Я увидел билборды с надписями «Мы вежливые люди» и так далее, вот этих люмпенов, которые ходили по улицам. Было очень некомфортно
– Я приехал на день рождения к своему родственнику буквально на три дня, въехал через все блокпосты. Я был уверен, что не будет претензий, но в то же время сохранялось чувство опасности: я все-таки поддержал Майдан. Это был июнь 2014 года, за месяц до того, как я пошел в военкомат. Я увидел билборды с надписями «Мы вежливые люди» и так далее, вот этих люмпенов, которые ходили по улицам. Было очень некомфортно. Поздравив своего близкого человека, я быстренько сел на автобус и уехал в Черновцы, а потом во Львов.
– Крымчане в массе своей во время Евромайдана получали информацию о происходящем в Киеве из уст коллективного Дмитрия Киселева. Еще в марте 2014 года, когда Виктор Янукович покинул Украину, паника началась не только среди зрителей российского телевидения, но и среди чиновников. На этих панических настроениях во многом удалось сыграть и самому Сергею Аксенову, и его российским кураторам. Хотелось бы напомнить, что именно он говорил о событиях в Киеве в марте 2014 года.
Точка зрения:
«Государство, в котором волею судеб мы вместе с вами оказались после распада Советского Союза, попало под власть нелегитимного правительства, члены которого сели в свои кресла при помощи насилия и прямого террора, осуществленного руками радикалов и обманутых ими граждан. Противоестественный союз олигархов-космополитов, нажившихся на расхищении наследия советской эпохи, с неонацистами, взращенными за последние 23 года на идее ненависти к братскому русскому народу и к нашей общей славной истории, теперь выступает от имени украинского народа, и что особенно отвратительно, от имени жителей Юго-Востока».
– Я вот сейчас слушаю – это абсолютно советская номенклатурная речь, даже по интонациям.
– Она читается с бумаги, это хорошо слышно.
– Часто так происходит, что крымчане, которые остаются жить на полуострове, придерживаются проукраинских взглядов, но в социальных сетях их значительно реже слышно, чем пророссийски настроенных. Многие стараются не афишировать свои взгляды, если продолжают жить там. Поэтому у многих людей с материковой части Украины возникает ощущение, что Крым, конечно, несправедливо отнят, аннексирован, но при этом, может быть, не стоит его возвращать, потому что он ментально чужой и так далее. Что сослуживцы ваши говорили о Крыме? Как они видят будущее полуострова?

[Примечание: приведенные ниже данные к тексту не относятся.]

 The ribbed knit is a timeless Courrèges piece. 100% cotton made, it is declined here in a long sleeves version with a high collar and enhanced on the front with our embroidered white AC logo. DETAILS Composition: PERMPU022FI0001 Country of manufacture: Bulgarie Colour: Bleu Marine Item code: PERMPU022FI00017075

В основном те, кто из Крыма, готовы воевать до конца, как и те люди, которые прекрасно понимают, что Крым – это часть Украины, и что он заслуживает того, чтобы за него бороться
– В основном, конечно, готовы драться до конца. Я знаю, что будет много торгов вроде «закончим войну на Востоке, но признаем Крым», или еще какие-то. Это все очень надолго. Мне очень симпатичен Михеил Саакашвили с его высказыванием о том, что на Чонгаре – это «крик души», а ситуация с Крымом поменяется, только когда поменяется ситуация в Москве. В основном те, кто из Крыма, готовы воевать до конца, как и те люди, которые прекрасно понимают, что Крым – это часть Украины, и что он заслуживает того, чтобы за него бороться. Ситуация очень неоднозначная и сложная. Знаете, я взял с собой камешек и бумеранг. Я люблю такие штучки. Я хочу этим сказать, что очень быстро все в природе возвращается на свои места. Мое окончательное и монолитное мнение – что во Вселенной не может быть какого-то дисбаланса, рано или поздно все встанет на свои места.

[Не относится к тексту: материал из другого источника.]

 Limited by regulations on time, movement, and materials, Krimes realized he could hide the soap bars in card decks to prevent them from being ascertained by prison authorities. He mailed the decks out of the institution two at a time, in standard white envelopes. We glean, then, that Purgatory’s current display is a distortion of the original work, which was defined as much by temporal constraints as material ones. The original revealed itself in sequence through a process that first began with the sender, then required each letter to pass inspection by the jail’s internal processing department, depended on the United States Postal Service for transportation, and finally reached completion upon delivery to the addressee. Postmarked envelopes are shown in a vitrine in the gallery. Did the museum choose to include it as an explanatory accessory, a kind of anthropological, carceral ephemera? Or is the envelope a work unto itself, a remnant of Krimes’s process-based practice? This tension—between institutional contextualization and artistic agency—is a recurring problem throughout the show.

– Мы все живем в эпоху глобальной тектоники. У человека, который жил в Советском Союзе в 1987 или 1988 году, наверное, было ощущение, что все это навсегда. Да, вокруг могут меняться декорации, но суть будет оставаться неизменной, и хребет Советского Союза, который начал расти в 1918 году, переломить будет невозможно – так казалось. Потом года через три – бах! – и все начало резко меняться. Поэтому всякий раз, когда вам рассказывают, что нынешняя реальность навсегда и неизменна, знайте: вас обманывают.